La “Costituzione più bella del mondo”??? Quando pandemia fa rima con economia.

Mai avrei immaginato di trovarmi nella posizione di dover difendere quella che per alcuni  è “la Costituzione più bella del Mondo”.
Quello che sta accadendo in questi giorni, col pretesto di limitare una pandemia, non ha precedenti e va ad impattare in modo brutale contro ogni diritto di libertaindividuale sancito e scritto.
Se in questo Paese fallito e oramai collassato e putrescente non ci rendiamo conto che siamo in una totale deriva autoritaria, in balia di folli, dove un Parlamento, oramai da tempo, è completamente esautorato dal suo ruolo, dove non esiste praticamente opposizione e dove tutti siedono ad un Governo delegittimato che non è espressione del voto popolare, dove manifestatamente si violano articoli costituzionali che tutelano la libertà individuale, di manifestare, il lavoro, gli spostamenti. Basti pensare che solo nelle isole della laguna veneziana si calcolano 5.000 persone imprigionate perché non possono accedere ai servizi di trasporto pubblico ad esempio per visitare un parente, per fare una visita medica, per andare a studiare. Da dove arriva tutta questa barbarie? Mi rivolgo soprattutto a chi crede nell’efficacia vaccinale e nella scienza, come ci credevo anch’io, ma permettetemi il dubbio feroce perché  siamo passati da “con una dose di vaccino non ti ammali e non infetti gli altri” a “vacciniamoci ad libitum perché comunque ti puoi ammalare e anche se vaccinato puoi infettare”. E’ questa la credibilita’ di chi ci governa seguendo la scienza? Ma di cosa stiamo parlando? Se prima vaccinarsi era anche una forma di rispetto verso il prossimo, verso i propri cari, oggi in cosa consiste?
Ci rendiamo conto che intanto che creiamo queste ghetizzazioni, questo apartheid, l’economia sta andando a rotoli? Che l’inflazione non è mai stata così alta da decenni? Che le aziende chiudono o delocalizzano pur di non restare qui perché tra costo del lavoro e tassazione diventa una produzione assolutamente non competitiva? Luce e gas hanno subito rincari folli, costo del metano per autotrazione raddoppiato in una sola notte, materie prime introvabili e contingentate e fabbriche con produzioni bloccate e ordini inevasi. Avete provato a far la spesa in un supermercato di recente? Provate a confrontare i prezzi, anche solo di un anno fa, di frutta,  verdura, carne e vedrete che sorprese. All’obiezione “beh i prezzi son cresciuti anche negli altri Paesi” vorrei ricordare che negli altri Paesi europei gli stipendi in questi ultimi vent’anni sono proporzionalmente cresciuti, i nostri sono rimasti fermi e come potere d’acquisto invece si sono dimezzati.

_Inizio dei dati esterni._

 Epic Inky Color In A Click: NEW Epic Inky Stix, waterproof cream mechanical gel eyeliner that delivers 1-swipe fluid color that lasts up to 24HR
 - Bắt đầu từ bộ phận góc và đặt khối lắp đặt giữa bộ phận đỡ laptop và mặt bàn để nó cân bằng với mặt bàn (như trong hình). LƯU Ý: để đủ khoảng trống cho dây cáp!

Ciliegina sulla torta, tanto per non smentire le buone abitudini, i diversi progetti che i Comuni veneti avevano presentato ed erano stati ammessi per essere finanziati con i fondi del PNRR sono rimasti a bocca asciutta perché quasi in toto destinati ai Comuni del Sud Italia (il 93% è andato al Sud, Comuni come Belluno su 13 progetti ammessi ne ha avuti finanziati zero, 350 milioni di euro a Campania ed Emilia al Veneto solo 29). Motivazione: i nostri Comuni veneti sono virtuosi, quindi nei criteri di destinazione dei fondi ancora una volta si è preferito destinarli altrove. Ancora una volta il Veneto ne esce bastonato, ancora una volta la classe politica che rappresenta e governa questa Regione e che è la medesima a livello nazionale, non e’ stata capace di tutelare e difendere i primari interessi del nostro popolo.

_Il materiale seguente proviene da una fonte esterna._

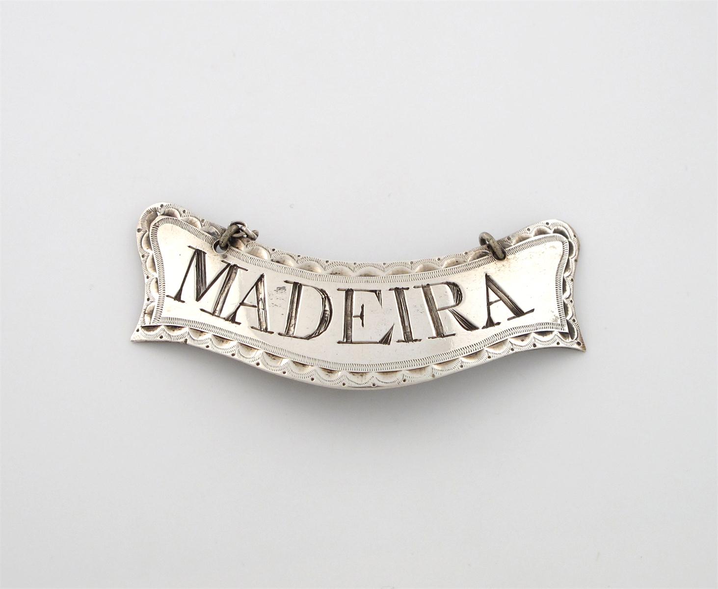 A George III Irish silver wine label, by Benjamin Tait, Dublin circa 1790, banner form, bright-cut border, incised 'MADEIRA', length 5.5cm.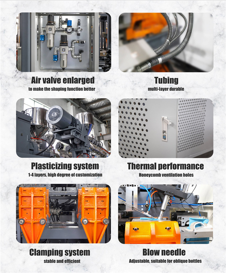 This is our normal series machine.It is double station.This machine is suitable for the jerry can.It can be equipped with several die-heads and then it is also suitable for small bottles.
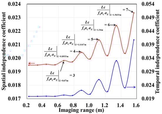 Zoom-in view of imaging range L < 1.6 m from Figure 14. As L increases, attenuation of near-field effects allows to concentrate and to cluster more severely when is a precise integer. This leads to increasingly pronounced extremal points in spatiotemporal independence at integer values of .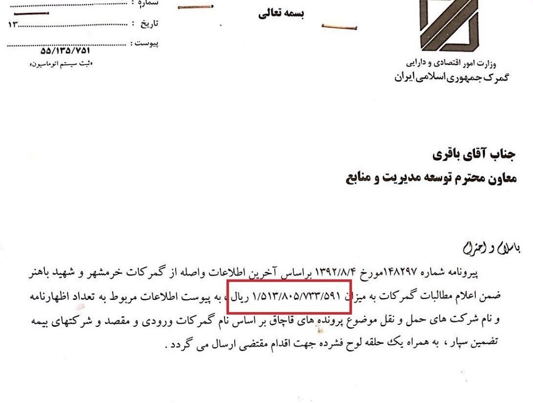بر اساس نامه زیر تنها تا سال 92 بدهی شرکتهای بیمه که لیست این بدهی موجود میباشد بالغ بر 150 میلیارد تومان بوده است. در متن این نامه آمده است، بر اساس آخرین اطلاعات واصله از گمرکات خرمشهر و شهید باهنر میزان مطالبات گمرکات بالغ بر 150 میلیارد تومان عنوان شده و در پیوست این نامه اطلاعات مربوط به اظهارنامه و نام شرکتهای حمل و نقل موضوع پروندههای قاچاق بر اساس نام شرکتهای بیمه مشخص شده است.

Ci apprestiamo a vivere un momento molto doloroso, ne usciremo solo se saremo bravi ad essere coesi, a ragionar con spirito critico e nel rispetto delle idee e delle scelte altrui. Ne usciremo, questa volta davvero, come Popolo Veneto, se avremo il coraggio di sovvertire lo stato delle cose, se sapremo essere voce forte e decisa di uno spirito dissidente e controcorrente verso chi ha perso totalmente ogni lucidità e ci governa sotto la scusante del “bene comune” che comune non è.